Don’t Rush to Short Saudi Riyal Despite Oil Shock

  • Saudi government’s ample FX reserves/net foreign assets (NFA) has so far provided critical support to Saudi riyal-USD peg. Oil price shock is a double whammy on Saudi NFA. With hard dollar peg in place, lower oil price means lower oil revenue – which leads to slower reserves buildup – and more fiscal spending to offset the economic downturn – which leads to drawdown in FX reserves/foreign assets. The period between 2015 and 2016 represents a perfect example where we saw a sharp increase in fiscal deficit and sharp decline in Saudi NFA.
  • According to IMF Article IV October 2017, the base scenario for the next five years is oil price around $50, which leads to small Saudi current account balance (<2% GDP) and small fiscal deficit (2% GDP) and only gradual drawdown in Saudi NFA. By the end of the 5-year forecast horizon, Saudi NFA should stay comfortably above 20 months worth of import.
  • The downside scenario is where the oil price would stay between $30-$40 over the next five years, which means the economic hardship, large fiscal deficit and drawdown of NFA that were experienced in 2015-2016 would continue over the next five years.

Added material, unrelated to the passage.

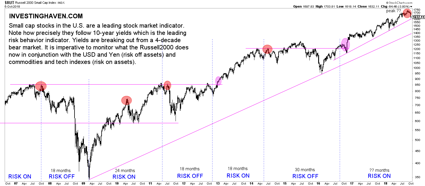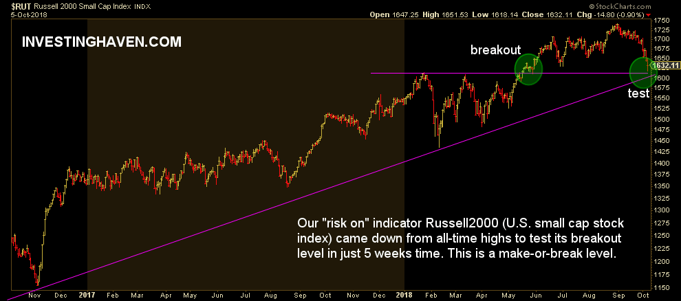 U.S. small cap stocks are one of our few ‘risk on’ leading indicators. If they do well it is a good time to invest in stocks while the opposite is true as well. Right now, at the start of October 2018, U.S. small cap stocks are at a make-or-break level. Is this the start of a Stock Market Crash In 2018 or the end of a temporary retracement?

Saudi NFA would probably come down to a very low level (5 months of import) around the year of 2022, threatening the sustainability of the dollar peg as well as the Saudi oil-dependent economic model.

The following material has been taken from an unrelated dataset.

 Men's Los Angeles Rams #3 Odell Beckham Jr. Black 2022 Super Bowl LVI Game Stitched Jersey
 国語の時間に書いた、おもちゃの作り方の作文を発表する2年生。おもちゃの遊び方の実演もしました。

  • Therefore, simply extrapolating the 2015-2016 situation to the future is too dire an assumption. That said, only a couple years are left for Saudi to reform its economic model if oil prices stay for a long time between $30-$40.
  • There may be an important twist, however. What if the Saudi monetary authority  SAMA tries all its best to avoid breaking the riyal-dollar peg and – alongside some piecemeal reform – asks for assistance from the Fed and PBoC? More specifically, what if SAMA sets up some kind of bilateral agreement with the Fed (or PBoC) on USD swap (or CNY swap) program? Such scenario is not unlikely given Saudi Arabia’s geopolitical importance in Middle East and the world’s dependence on Saudi oil supply.
  • In other word, even if the downside scenario happens, one needs to think twice if he wants to short the riyal and expects a devaluation of riyal.